The advice in question in this case related to the risks posed by the lenders and to the PIPE, rather than the dispute between IsZo and Nam Tai. This exception did not, therefore, apply, hence the Court's serious expressions of concern. In light of those concerns, the Court ordered a copy of the judgment be sent to the senior partners of each of Nam Tai’s lawyers so that they could consider the ethical issues raised.

 

1 Claim No.
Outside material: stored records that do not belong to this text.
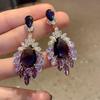 Huitan Charming Water Drop Purple CZ Drop Earrings for Women Luxury Bridal Wedding Jewelry Elegant Lady's Earrings for Party New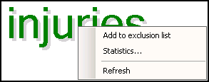 - Add to exclusion list - This adds the word to a list used to exclude common but non-significant words such as ‘and’, ‘the’, ‘symptom’.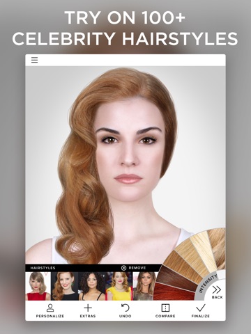 You can take a photo with your camera, upload from your Album or Facebook, or choose a model to try on nearly 2,000 unique products and hairstyles.

BVIHC (COM) 2020/0165

2 This distinction did not matter as the Court also rejected Greater Sail's attempts to argue that it should retain the shares which it acquired in the PIPE by virtue of: (1) it being equity's darling given that the doctrine "nemo dat quod non habet" (i.e. "no one gives what they do not have") applied and on the facts Greater Sail had not demonstrated that it was a bonafide purchaser for value without notice; and (2) and the "indoor management" rule (i.e. that a company many assert its own breaches against someone who has acquired rights from it) as it was IsZo and not Nam Tai that was pursuing claims against Greater Sail.